Even before pasteurization, industrial milk processing removes a significant portion of somatic cells. Centrifugation, the spinning process used to separate cream, also strips out cells and microorganisms. This step alone reduces somatic cell counts by 35% to 75%. Microfiltration, used for some milk products, removes about 75% of somatic cells from skim milk by trapping them in filter membranes or breaking them apart through the force of processing.

When centrifugation and microfiltration are combined, the reduction is dramatic: 92.6% to 99.5% of somatic cells are removed. So the milk sitting on a grocery store shelf contains a small fraction of the cells that were present when it left the farm. Pasteurization then kills any remaining bacteria, making the final product safe regardless of the original cell count.

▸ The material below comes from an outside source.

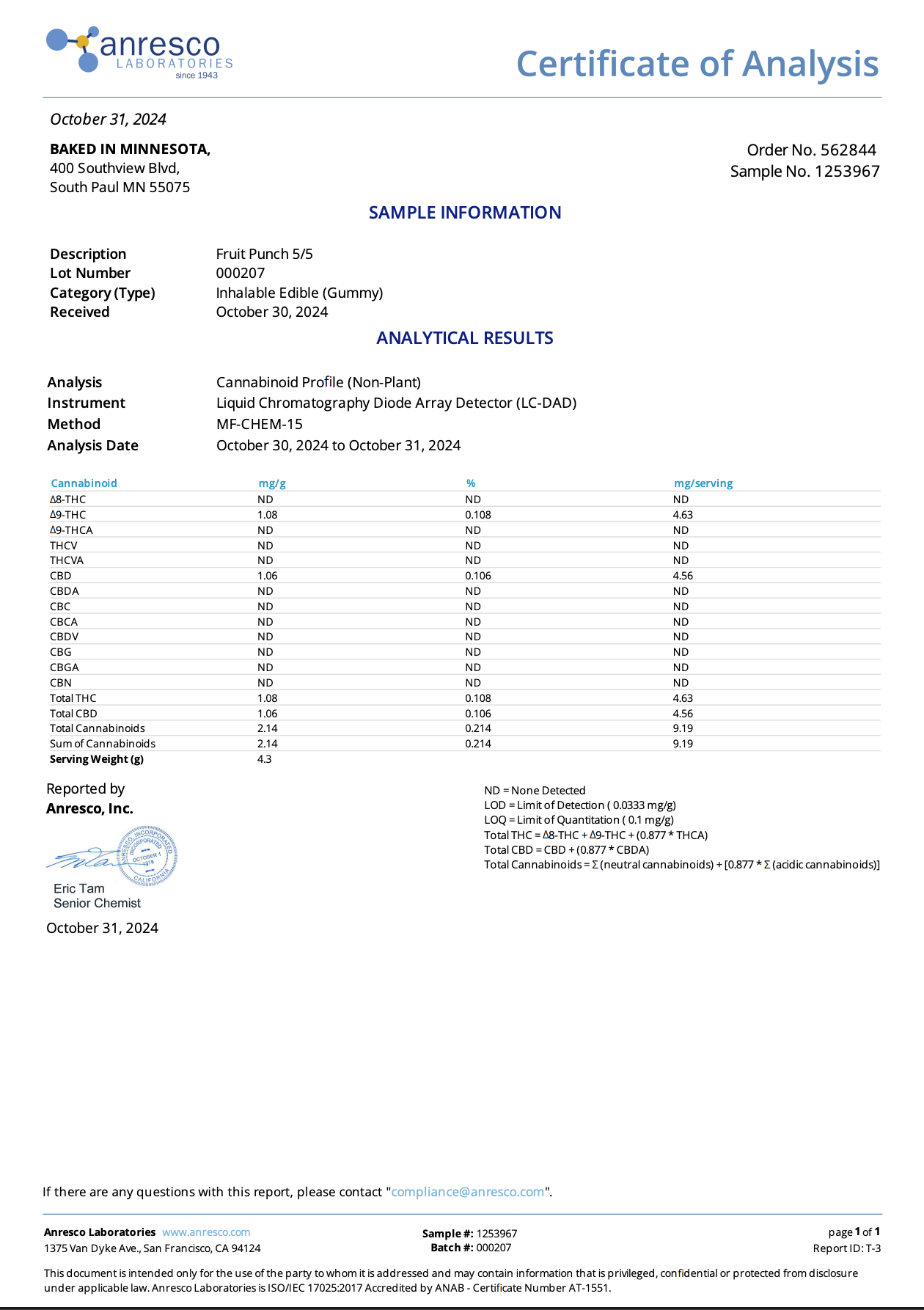 • Cannabinoid Ratio: 5mg THC, 5mg CBD per chew.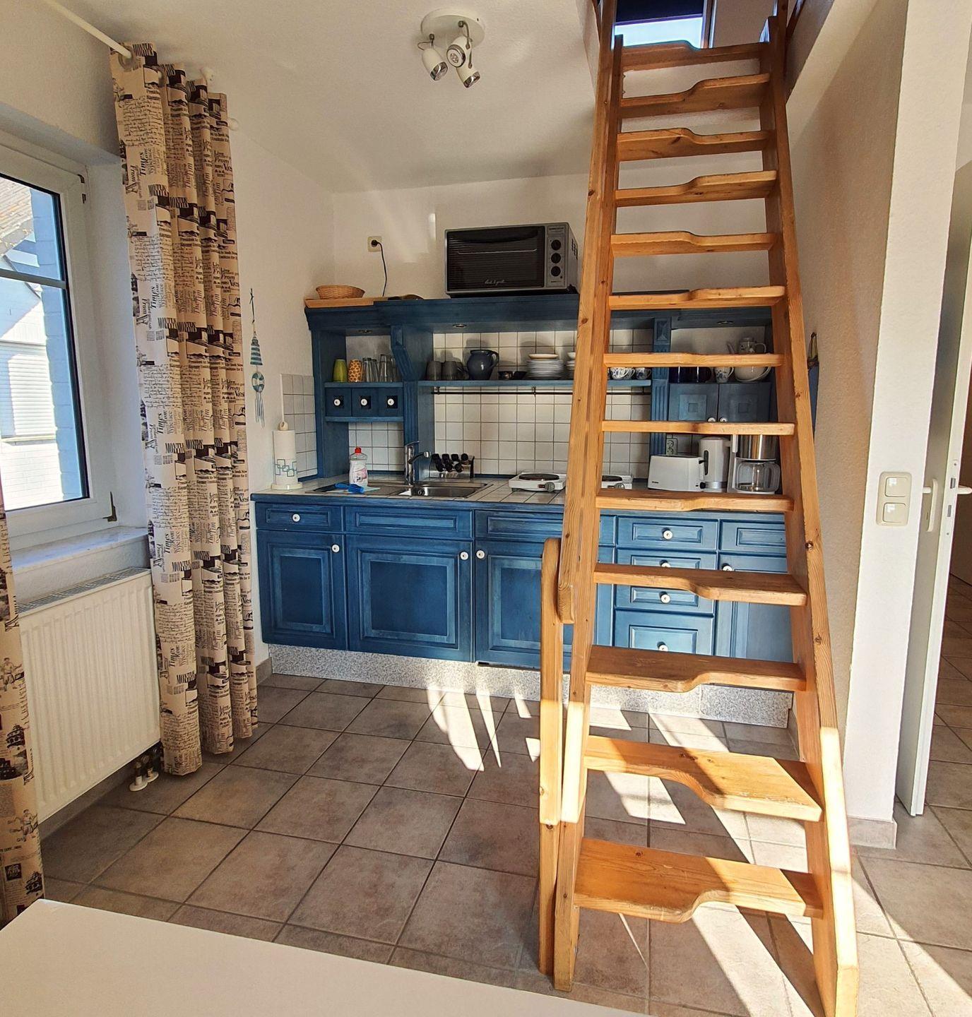 Große Ferienwohnung über 2 Ebenen in einem Appartmenthaus, ca.75 m² groß, im OG, mit Balkon, Wohnzimmer mit kleiner Küchenzeile und TV, 2 Schlafzimmer mit Doppelbett, einem Bad mit Dusche/WC. Im oberen Teil der Wohnung befindet sich ein offenes Schlafzimmer mit einer Sitzgelegenheit. Dieses ist mittels einer Raumspartreppe vom Wohnbereich aus zu erreichen.

Is High-SCC Milk Harmful to Drink?

A comprehensive review by the National Mastitis Council found no documented direct health risk from consuming milk with elevated somatic cell counts. The ingestion of bovine white blood cells has not been shown to harm humans in any scientific study. Your digestive system breaks down these cells the same way it breaks down any other protein.

The one genuine safety concern is unpasteurized milk. When a cow has mastitis, pathogenic bacteria may be present in her milk. Pasteurization is highly effective at killing these organisms, but raw milk skips that step entirely. The risk from high-SCC milk isn’t the cells themselves. It’s the bacteria that might accompany them if the milk isn’t properly heat-treated.

How Somatic Cells Affect Milk Quality

While somatic cells don’t pose a health risk, high counts do affect taste and shelf life. When white blood cells flood the udder during infection, they release enzymes that break down milk components. Some of these enzymes attack milkfat, producing free fatty acids that create a rancid, soapy, or sour flavor. Others break down milk proteins, leading to bitterness.

Cows with mastitis or those late in their lactation cycle can also produce milk with a noticeably salty taste. These flavor defects are one reason the dairy industry monitors somatic cell counts so closely. High-SCC milk doesn’t just signal a sick cow; it produces an inferior product with a shorter shelf life. Farmers are financially penalized for high counts, which creates a strong incentive to keep herds healthy and cell counts low.

The bottom line: milk contains immune cells, not pus. The two are biologically different, the levels in commercial milk are low and tightly regulated, and processing removes the vast majority of what remains. The “pus in milk” framing is an advocacy tool, not a scientific description of what’s in your glass.